[Items from a data source]

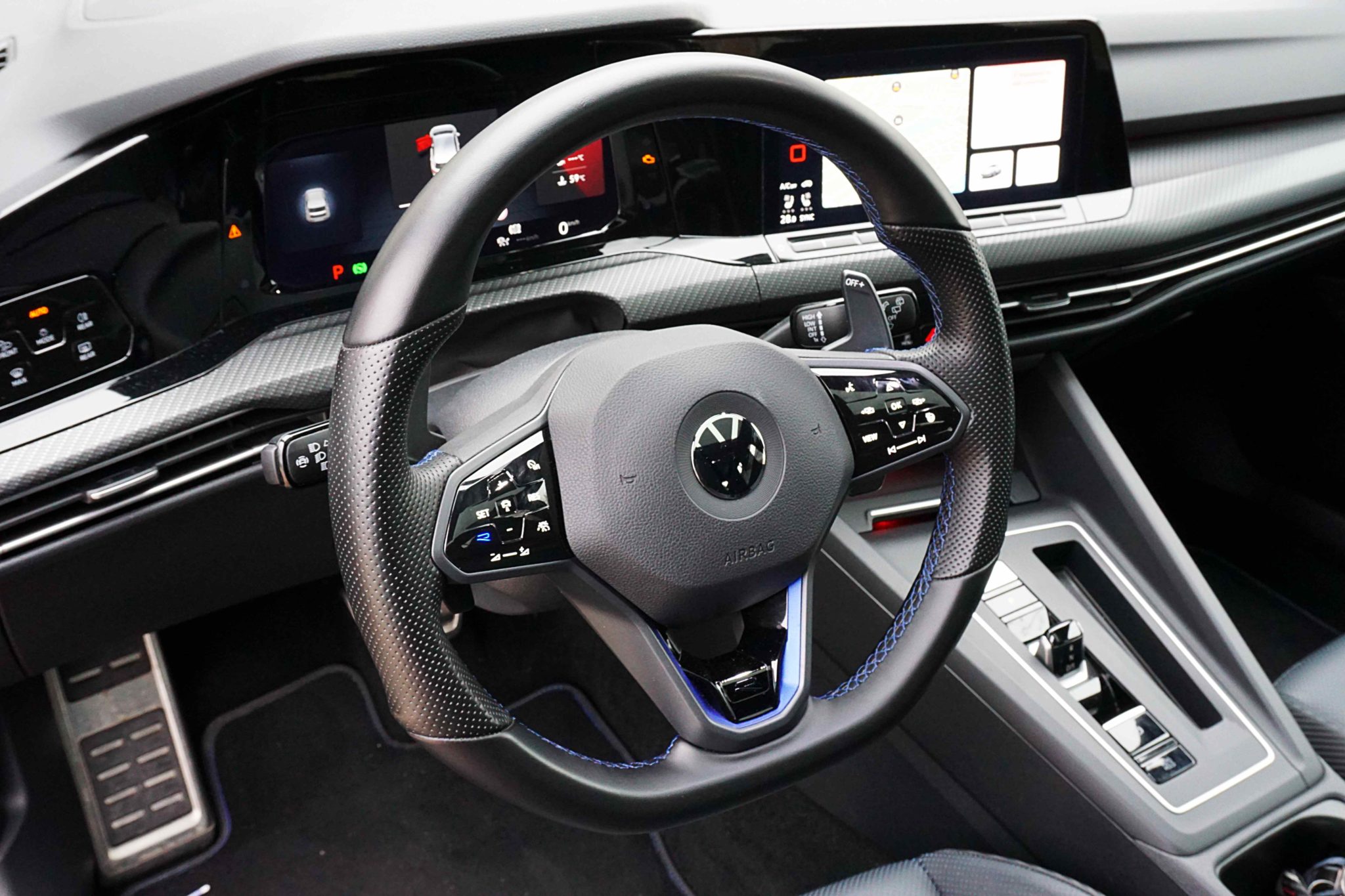 La dirección también varía en 3 intensidades de dureza, ajustando también la efectividad de la respuesta en el giro. Los frenos actúan contundentemente sobre los 1550kg que pesa esta unidad, 90kg más que el GTI Clubsport. En cuanto a las ayudas a la conducción, este Golf R no deja de ser el Golf tope de gama, por lo que integra todo lo disponible: aviso de ángulo muerto, control crucero adaptativo, aviso de cambio involuntario de carril con corrección, travel assist, aviso de precolisión con frenada de emergencia, cámara trasera con sensores… Os dejamos la lista de opciones que integra esta unidad:
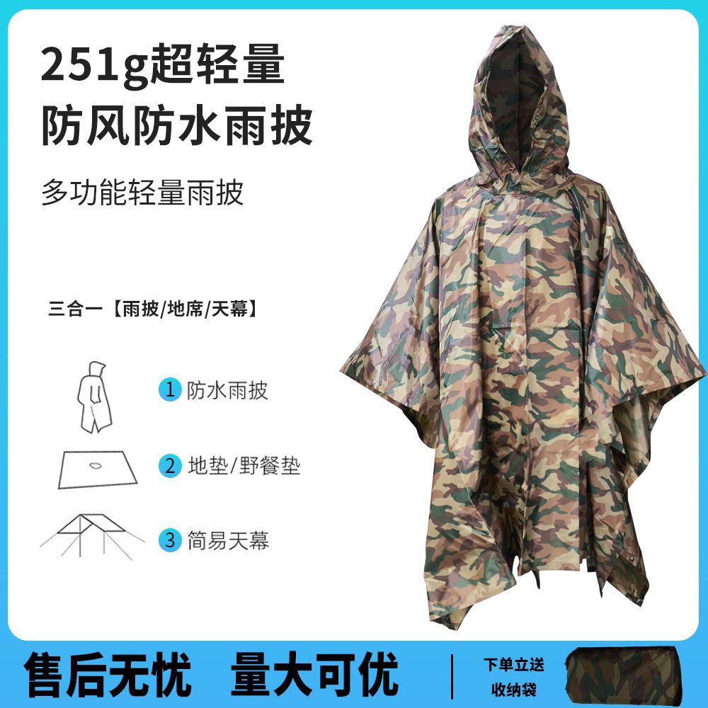 Jas hujan portabel luar ruangan, jas hujan tiga dalam satu, mendaki, ponco multifungsi, bepergian, ransel portabel, tikar Anti lembab
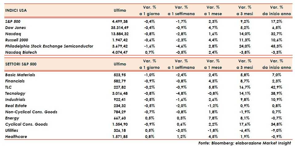 Il bilancio definitivo registra S&P500 e Dow Jones in calo dello 0,4%, Nasdaq (-0,8%) e Russell 2000 (-0,6%).
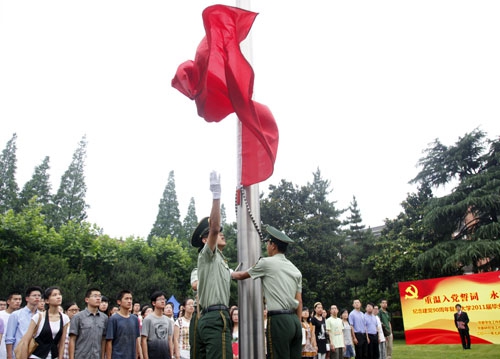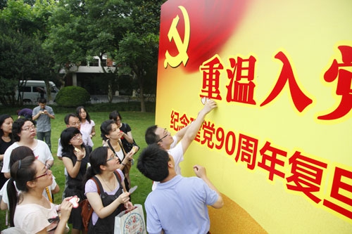 新闻中心讯 7月1日,雨后的复旦校园清新盎然,全校师生以昂扬的精神面貌迎来了中国共产党成立九十周年的纪念日。
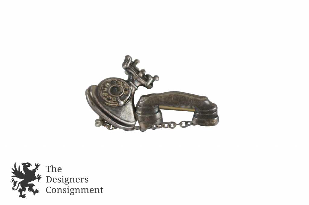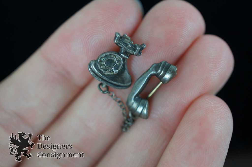 Vintage Sterling Silver Rotary Telephone Tie Chain Tac Lapel Pin Terryberry
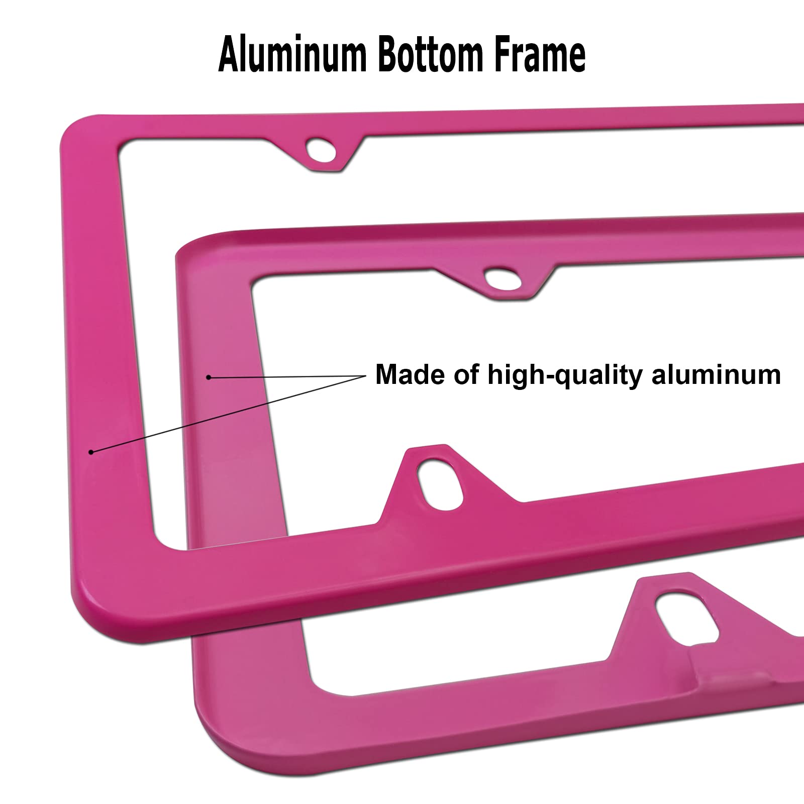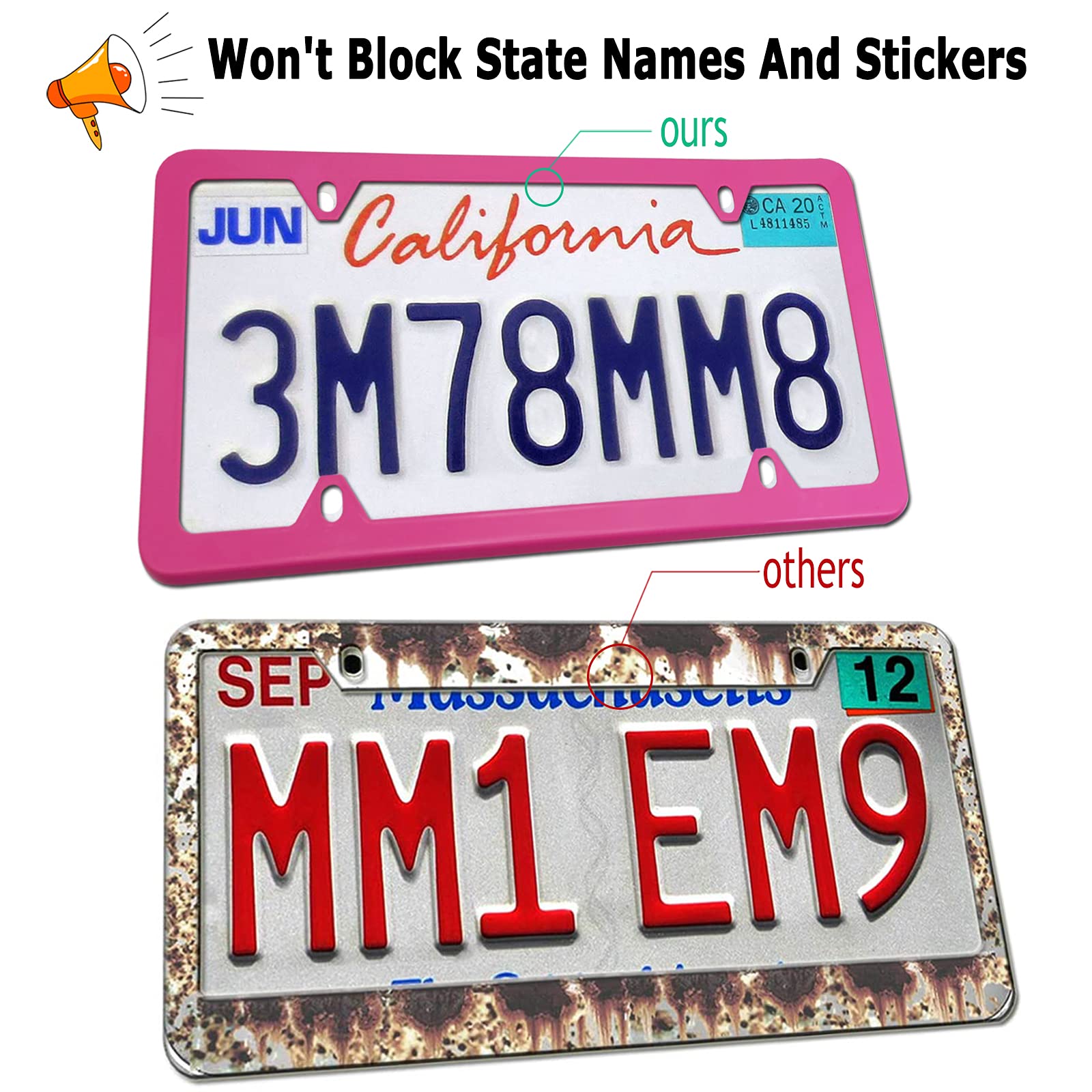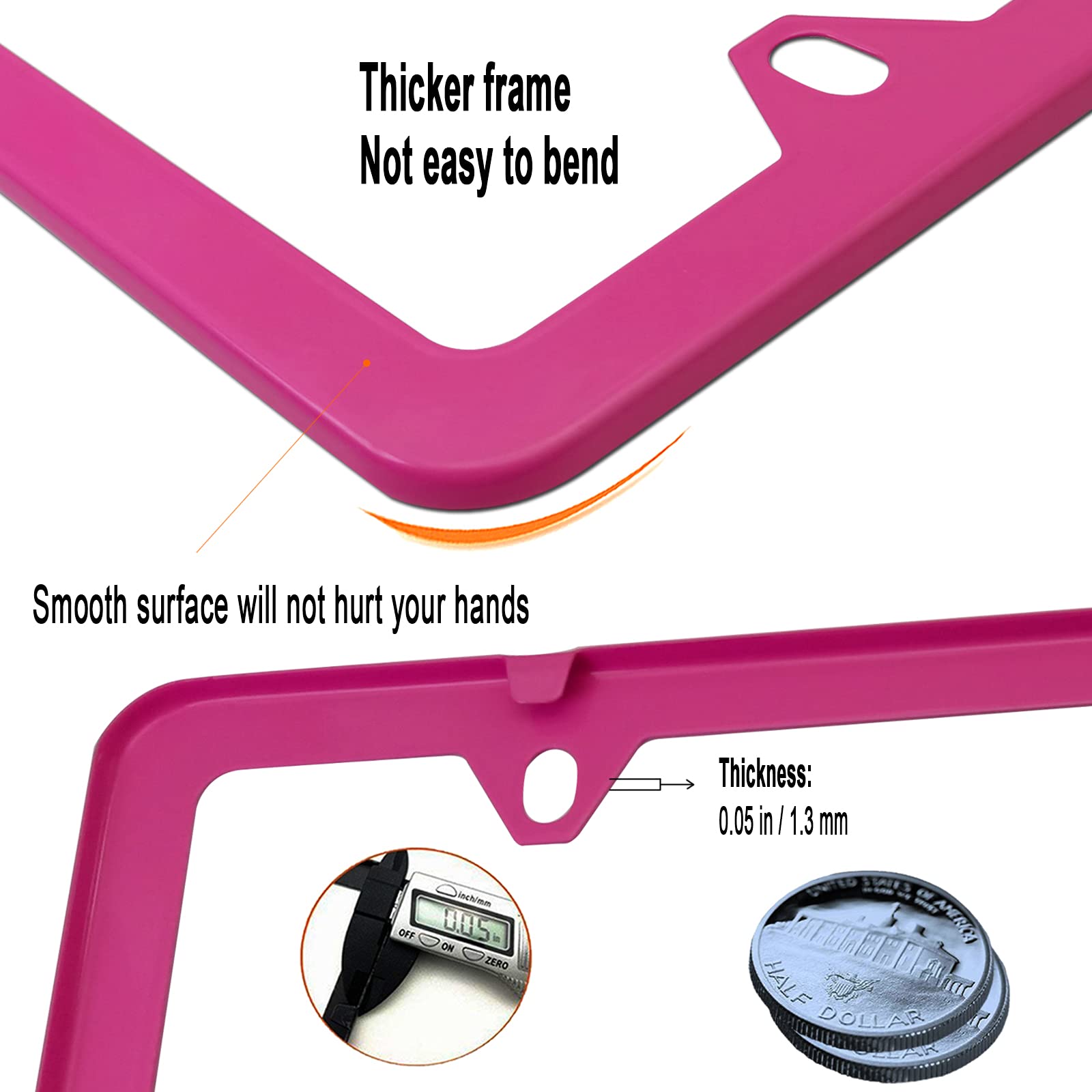 Universal Slim Car Plate Frame: The pink holder uses an aluminum base frame, 1.3mm thick, heavy duty , and will not rust or corrode. Designed for all American 12*6 inch standard license plates, 4 thin edges will not Cover the registration label on the car tag, ensure legal street in all states.

_Task directions_
Repeat the data word for word. Images are not part of the copy.

_Exercise solution_
 La dirección también varía en 3 intensidades de dureza, ajustando también la efectividad de la respuesta en el giro. Los frenos actúan contundentemente sobre los 1550kg que pesa esta unidad, 90kg más que el GTI Clubsport. En cuanto a las ayudas a la conducción, este Golf R no deja de ser el Golf tope de gama, por lo que integra todo lo disponible: aviso de ángulo muerto, control crucero adaptativo, aviso de cambio involuntario de carril con corrección, travel assist, aviso de precolisión con frenada de emergencia, cámara trasera con sensores… Os dejamos la lista de opciones que integra esta unidad:
 Jas hujan portabel luar ruangan, jas hujan tiga dalam satu, mendaki, ponco multifungsi, bepergian, ransel portabel, tikar Anti lembab
 Il bilancio definitivo registra S&P500 e Dow Jones in calo dello 0,4%, Nasdaq (-0,8%) e Russell 2000 (-0,6%).
 新闻中心讯 7月1日,雨后的复旦校园清新盎然,全校师生以昂扬的精神面貌迎来了中国共产党成立九十周年的纪念日。
 Vintage Sterling Silver Rotary Telephone Tie Chain Tac Lapel Pin Terryberry
 Universal Slim Car Plate Frame: The pink holder uses an aluminum base frame, 1.3mm thick, heavy duty , and will not rust or corrode. Designed for all American 12*6 inch standard license plates, 4 thin edges will not Cover the registration label on the car tag, ensure legal street in all states.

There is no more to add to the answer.